You can also fetch it manually:

They're stored in  ~/Library/Application Support/obs-studio/logs timestamped by launch time. Grab the one from that particular stream and upload it here directly.


----------



## marshall409 (Jan 6, 2021)

Yeah I've got one of those. They're fun to mess around with but live production with them is creative to say the least. They definitely don't do 60...but if they're all out of frame sync that could maybe explain why 60 looks better.

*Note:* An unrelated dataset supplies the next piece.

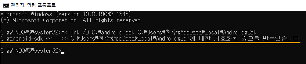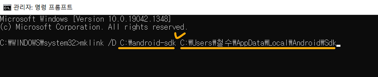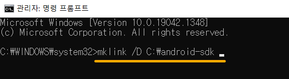 복사한 경로를 명령 프롬프트 android-sdk 뒤에 붙여 넣어주세요. 참고로 아래 그림과 같이 사이에 띄어쓰기가 있어야합니다.
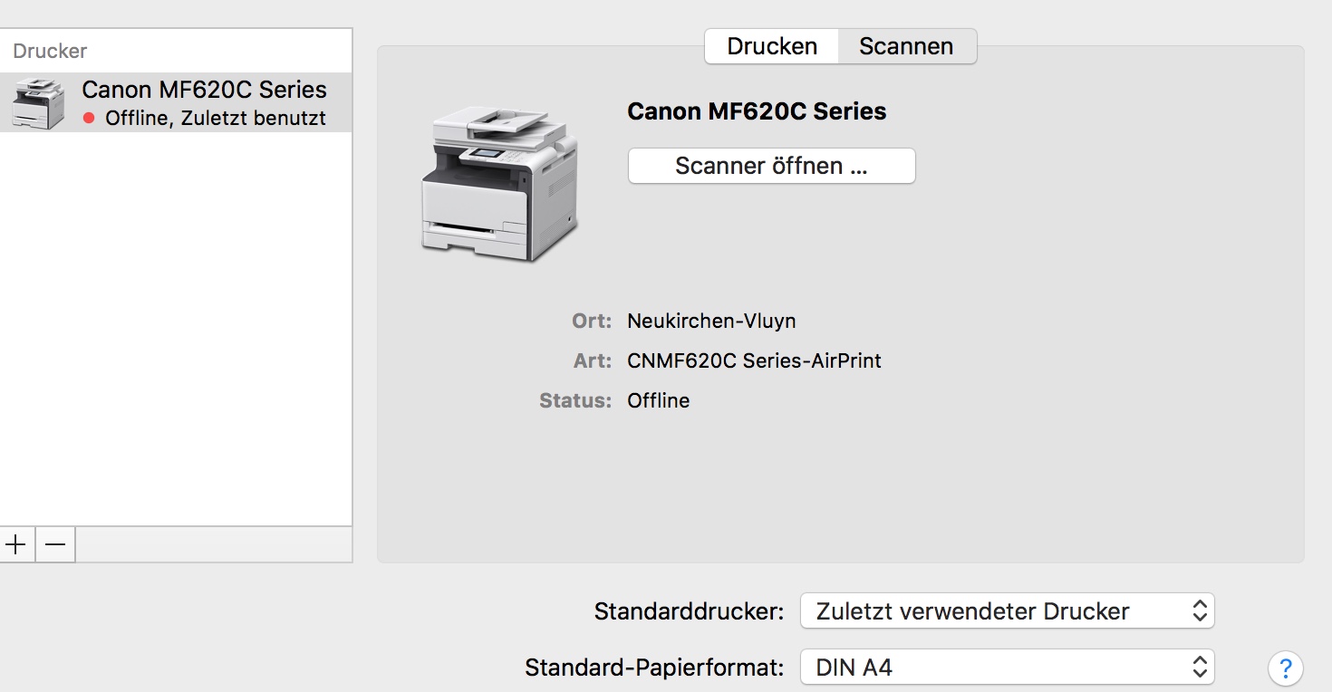 Der "Übersichts-Scan", bei dem eine Vorschau gescannt wird, klappt problemlos und auch das Dokument wird in der Vorschau angezeigt. Wenn jedoch der "richtige" Scan durchgeführt werden soll, bricht dieser am Ende des Scanvorgangs mit der äußerst hilfreichen Fehlermeldung "Der Scanner hat einen Fehler gemeldet. Beim Scannen ist ein Fehler aufgetreten" ab.

Also what platform are you streaming on? There should definitely be a way to do a private test stream that won't affect your audience or analytics at all.


----------



## lankyandtheguy (Jan 6, 2021)

marshall409 said:


> Yeah I've got one of those. They're fun to mess around with but live production with them is creative to say the least. They definitely don't do 60...but if they're all out of frame sync that could maybe explain why 60 looks better.
> 
> Also what platform are you streaming on? There should definitely be a way to do a private test stream that won't affect your audience or analytics at all.


Hey so far (outside of ... well ... the whole reason I'm making this post hahaha...) they've handled the job pretty well. I bought a couple of 1080 USB 2.0 and then a few 1080 USB 3.0, but neither purchase specified output frame rate. So I'm probably returning and thinking about trying the new ones (the link I sent your way) that claims 1080x60 output USB3.0.

Side question - would trying the Atem mini potentially solve my problem? (outside of only having 4 inputs. Probably input my 4 most used cameras into it)

I'm on Twitch, and have run probably 10 independent Twitch Inspector runs for 10 - 30 mins without a single fluctuation or reported frame rate drop regardless of output setting.


----------